Tool nodes and human nodes cost $0 — they don't make LLM calls. You'll see them in the cost breakdown with $0.00 and no provider listed. Don't worry about them. RemeasureCognitive runs a shell command to re-check cyclomatic complexity; it shows up in the report for completeness, but it contributes nothing to your API bill.

5 dippin optimize

Once you know what a pipeline costs, dippin optimize tells you where you could spend less:

$ dippin optimize complexity_cleanup.dip
═══ Optimization Report ══════════════════════════════════════════
─── Cost Summary ──────────────────────────────────────────────
  Current:   $0.65 (expected)
  Optimized: $0.02 (expected)
  Savings:   $0.63 (expected)

─── Suggestions ──────────────────────────────────────────────
  [Refactor] node in retry loop — consider a cheaper model for mechanical iterations
    claude-opus-4-6 → claude-haiku-4-5  (saves ~$0.23)
  [Refactor] bookkeeping task (summary/cleanup/commit) can use a cheaper model
    claude-opus-4-6 → claude-haiku-4-5  (saves ~$0.23)
  [QualityGate] bookkeeping task (summary/cleanup/commit) can use a cheaper model
    claude-opus-4-6 → claude-haiku-4-5  (saves ~$0.12)
  [Done] bookkeeping task (summary/cleanup/commit) can use a cheaper model
    claude-sonnet-4-6 → claude-haiku-4-5  (saves ~$0.04)

The Cost Summary at the top shows where you'd land if you followed every suggestion: $0.65 expected down to $0.02 — a 97% reduction.

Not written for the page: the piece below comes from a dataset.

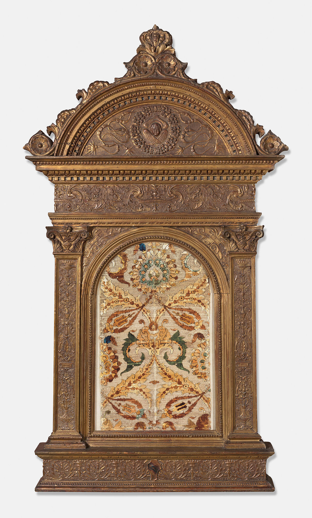 This intricate voided velvet is from the Safavid dynasty of Iran, which reigned from 1501-1722. Textiles from this period are considered to be the height of Iranian loom weaving. The Safavid Empire centralized the Iranian textile industry, which helped them create a large revenue stream for their empire, as well as luxurious fabrics, such as this one. It is appropriate that this textile is installed in the Titian Room, a room that Gardner intended to be about power and authority. The piece was probably cut from a larger furnishing or garment fabric.

That's an aggressive projection, but it shows the ceiling on savings.

The Suggestions section lists each node with a specific swap. The optimizer looks at each node's role in the pipeline — whether it's in a retry loop, whether it's doing bookkeeping work like summarization or cleanup — and suggests where a cheaper model would do the same job. For Refactor, it flags two reasons to downgrade: it's in a retry loop (mechanical repetition rarely needs the smartest model) and its task is categorized as bookkeeping.

These are suggestions, not commands. A quality gate might genuinely need a stronger model to make good decisions. Use your judgment — the optimizer doesn't know your quality bar, only your cost structure.

What's Next

Between conditional edges and cost estimation, you can build pipelines that route intelligently and stay within budget. Write the workflow, run dippin cost, check dippin optimize, then make deliberate choices about where quality justifies the price.